- PROBLEM DETAILS -
Set down again, exactly and only, the lines from the one that contains "Demonstração real dos" through the last line of the records below, both included, but not the pictures.

RECORDS TO USE Start Marker

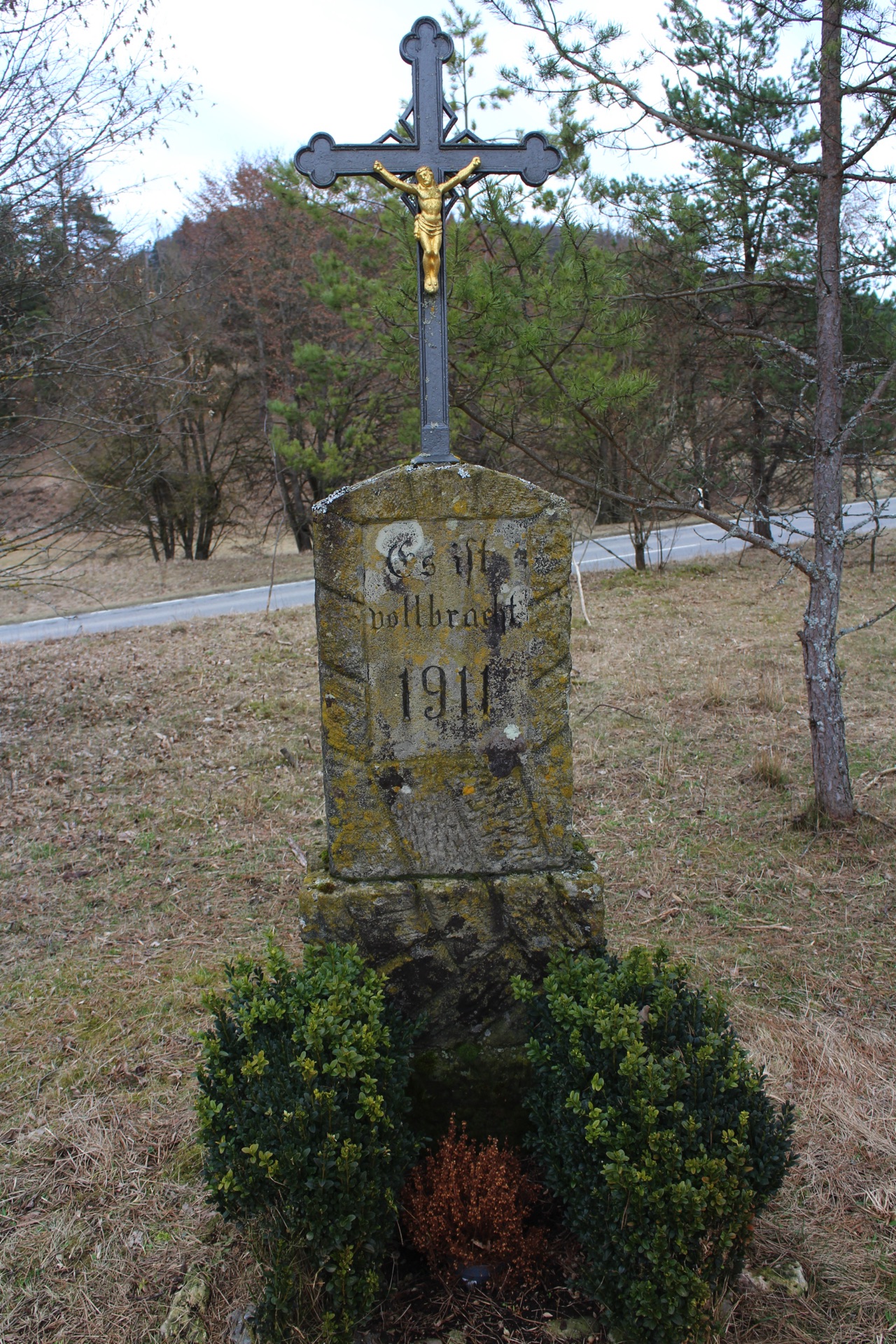 Das Kreuz trägt im Sockel aus hellem Schilfsandstein die Inschrift:
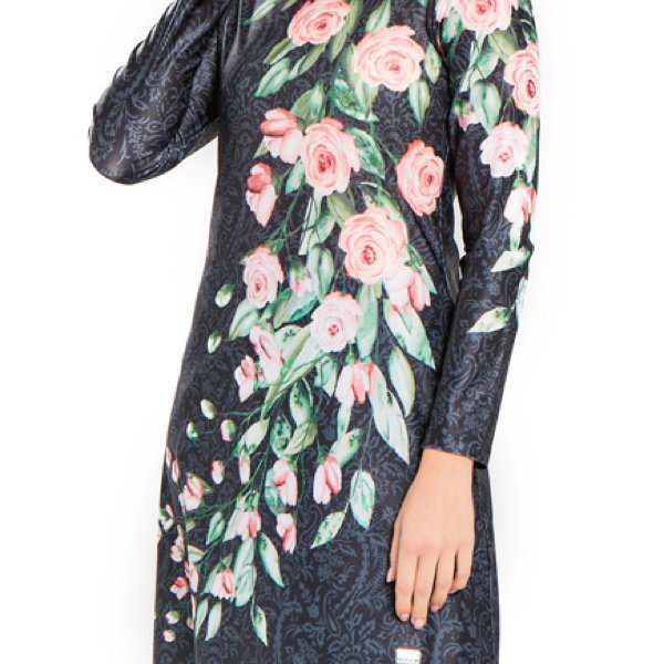 لباس سباحة أسود متواضع بنمط الأزهار مصمم بغرض توفير ملابس سباحة تغطية كاملة للسيدات للاستمتاع بالسباحة قماش عالي الجودة للسباحة ومقاوم للكلور وخفيف الوزن وأكمام كاملة.
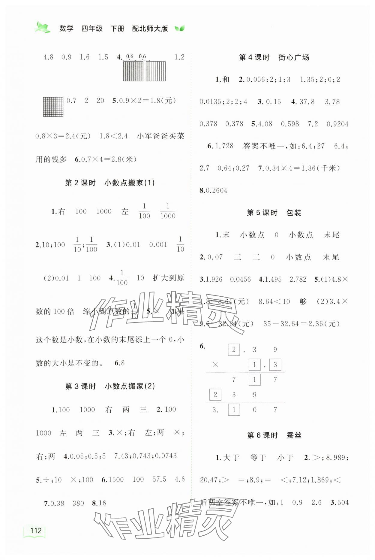 注:目前有些书本章节名称可能整理的还不是很完善,但都是按照顺序排列的,请同学们按照顺序仔细查找。练习册 2024年新课程学习与测评同步学习四年级数学下册北师大版 答案主要是用来给同学们做完题方便对答案用的,请勿直接抄袭。
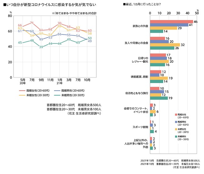 全国的な緊急事態宣言の解除後の2021年10月時点では、「家族との外食」が既婚男女で4割、「友人や同僚との会食」は未婚男女で3割程度と高めになっています。「日帰りのレジャー・観光」や「宿泊をともなう旅行」をした人は各属性で1~2割と、慎重に行動している様子がうかがえます。
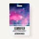 Insigne de nom avec une belle conception abstraite en rose et bleu. Des étoiles blanches parsemèrent cette image du cosmos. Trippy et cool.
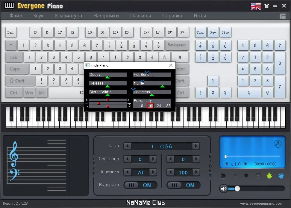 Everyone Piano — это бесплатный виртуальный синтезатор с интерфейсом пианино, позволяющий играть с помощью клавиатуры компьютера или подключённой MIDI-клавиатуры. Программа поддерживает запись и воспроизведение музыкальных композиций, настройку октав, аккомпанемент и использование внешних звуковых модулей. С её помощью можно обучаться игре на фортепиано, развивать слух и изучать ноты в удобной интерактивной форме.
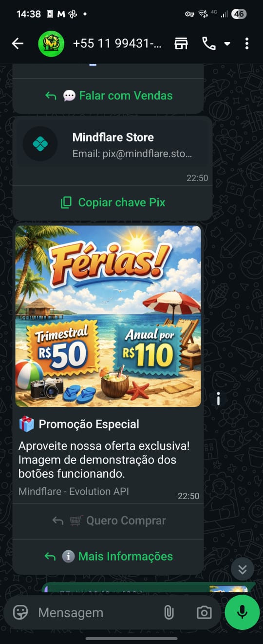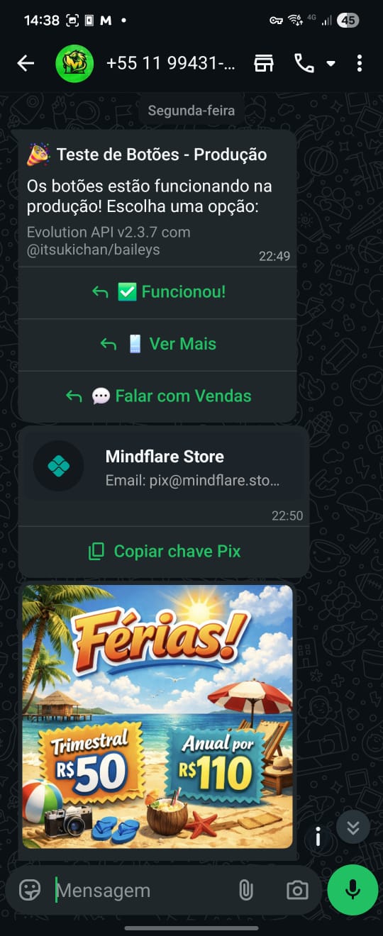 Demonstração real dos botões (reply/list/cta/copiar/pix) funcionando no WhatsApp.
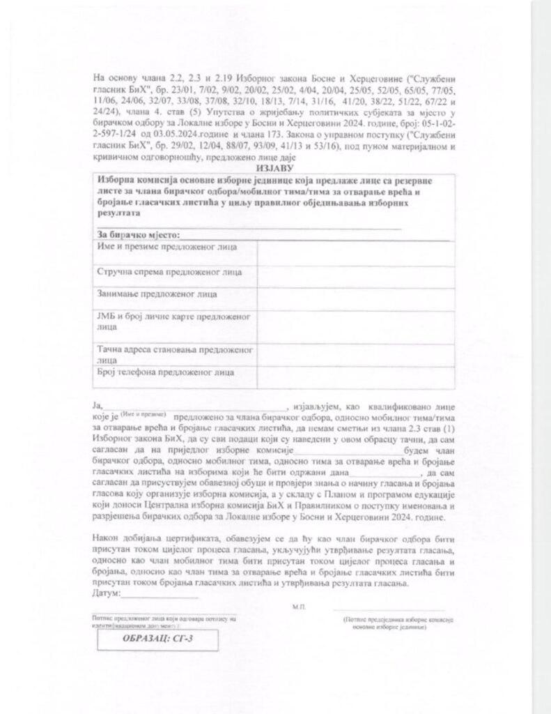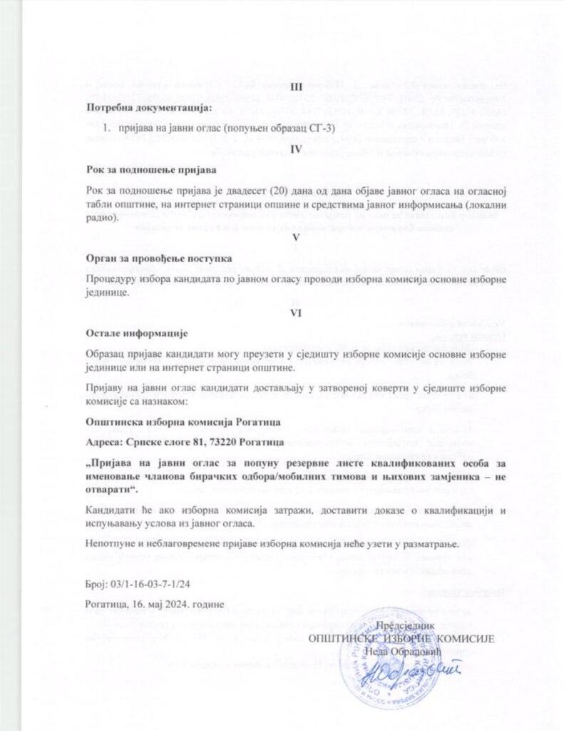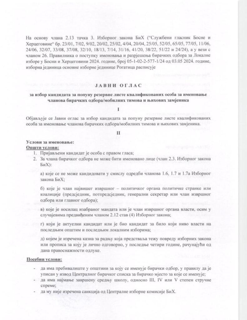 Јавни оглас за избор кандидата за попуну резервне листе квалификованих особа за именовање чланова бирачких одбора/мобилних тимова и њихових замјеника

RECORDS TO USE End Marker

- OUTPUT OF THE EXERCISE -
 Demonstração real dos botões (reply/list/cta/copiar/pix) funcionando no WhatsApp.
 Јавни оглас за избор кандидата за попуну резервне листе квалификованих особа за именовање чланова бирачких одбора/мобилних тимова и њихових замјеника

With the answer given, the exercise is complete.